Vladimir Putin’s “strategy” for winning his war on Ukraine now boils down to inflicting enough misery on civilians that Kyiv comes begging for peace. It won’t work (“bomb them into submission” never has), not least because every week brings fresh evidence of his forces’ war crimes dating back to the start of the invasion in February.
Ukrainian President Volodymyr Zelensky reports that Russian strikes have “seriously damaged 40%” of Ukraine’s energy infrastructure ahead of the coming winter. Moscow has also targeted the water supply as well as schools, day-care centers and residential blocks.
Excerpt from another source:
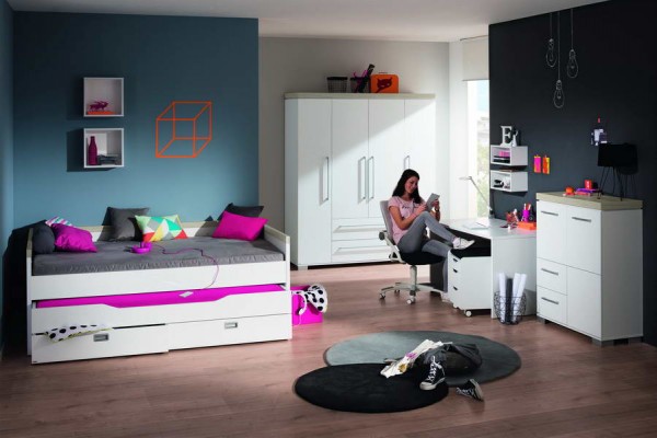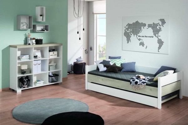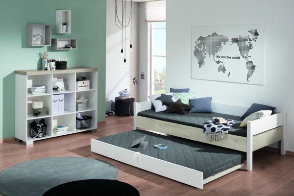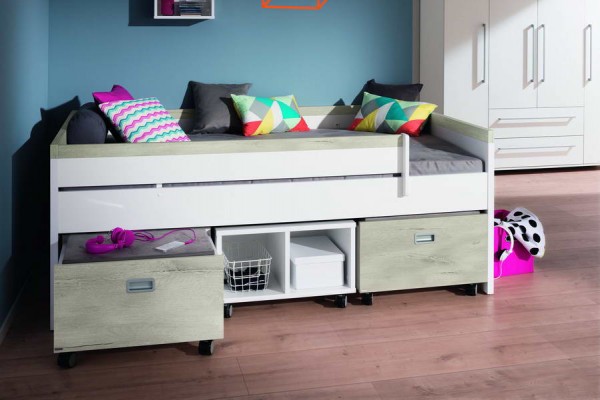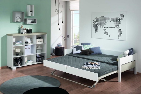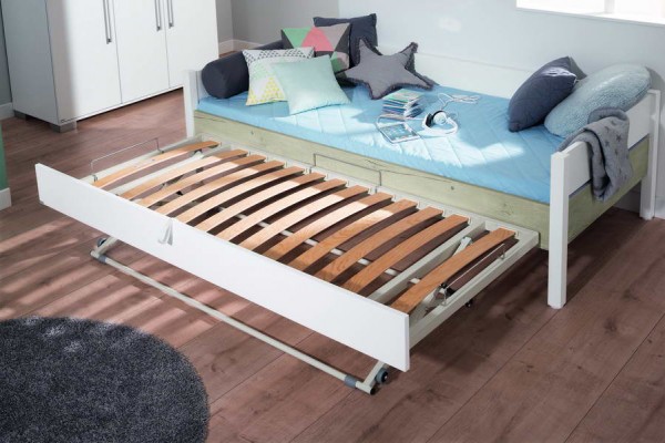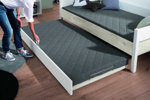 Завдяки частині, що висувається, ліжко з розміру 90х200см перетворюється на велике двоспальне ліжко розміром 200х198х50см, що напевно сподобається дитині - підлітку. Висувну частину ліжка з Німеччини можна замінити зручним висувним ящиком для білизни або двома закритими ящиками на роликах або відкритими стелажами для взуття та інших речей.

Russian authorities vehemently deny targeting civilians, but then again they claimed for months that their goal was “de-Nazification” (Zelensky is a Jew) — though more recently they switched to insisting they’re after Satanists who supposedly control the country.
Most recently, Ukraine’s National Police uncovered 34 sites in newly-liberated areas that hold evidence of Russian torture of civilians. That comes atop prior evidence (and testimony) of such war crimes as rape and mass executions. Not to mention all the Ukrainians, especially children, kidnapped back to Russia.
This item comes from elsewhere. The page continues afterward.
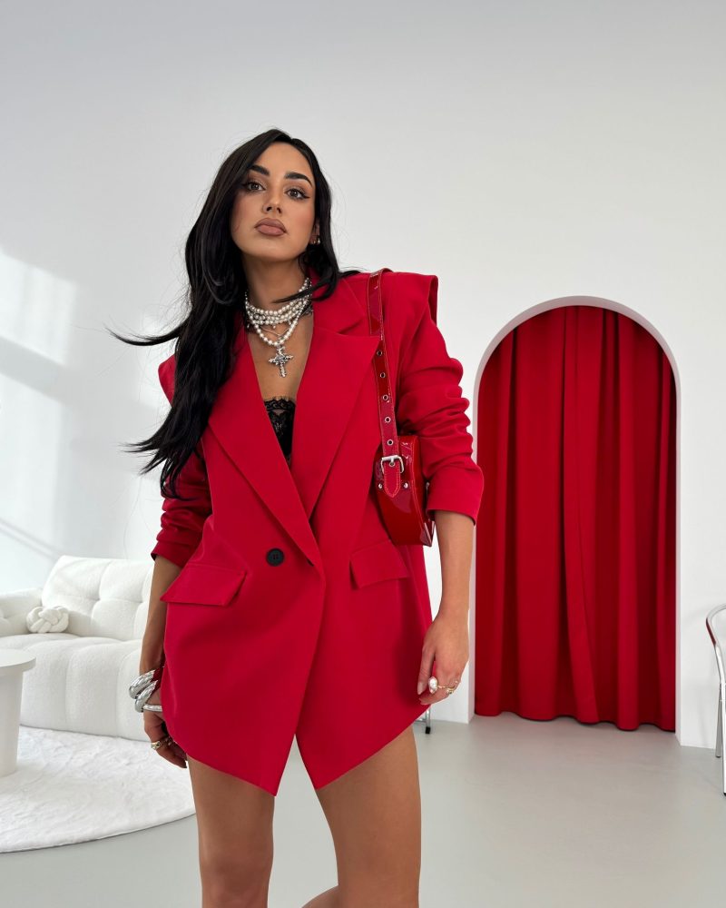 Izgatavots ar uzmanību detaļām no skaista auduma. Gluda apdare. Garāki matu griezumi.

iStories, an organization of independent Russian journalists who fled the country for their own safety, interviewed a Russian soldier who confessed to looting, torturing and executing a civilian on orders from his unit commander in the Kyiv suburb of Andrivka in March.
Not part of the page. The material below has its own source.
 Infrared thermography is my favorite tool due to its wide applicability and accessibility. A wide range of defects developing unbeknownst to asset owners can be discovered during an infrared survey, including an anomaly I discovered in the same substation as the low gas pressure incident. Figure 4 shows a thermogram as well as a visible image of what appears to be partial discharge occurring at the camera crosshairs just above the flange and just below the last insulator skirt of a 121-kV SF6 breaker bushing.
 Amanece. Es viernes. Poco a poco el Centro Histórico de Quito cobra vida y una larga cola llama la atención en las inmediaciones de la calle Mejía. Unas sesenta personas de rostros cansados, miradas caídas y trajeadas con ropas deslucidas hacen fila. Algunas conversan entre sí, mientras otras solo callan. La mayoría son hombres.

New York state’s Environmental Conservation Commissioner Basil Seggos, who took a leave to deliver donated ambulances, couldn’t help noting how Putin had taken a “buzzsaw” to Ukraine. “I think the damage of the environment was part of the intent — to shell the landscape, to shell the infrastructure and basically make it uninhabitable,” he told The Post.
In the West, parts of the left and the right are longing for an end to the Ukraine war. But Putin has yet to show any sign he’s willing to compromise: He’s still putting all hopes on terror. And the only possible answer to that is to keep backing Ukraine to the hilt.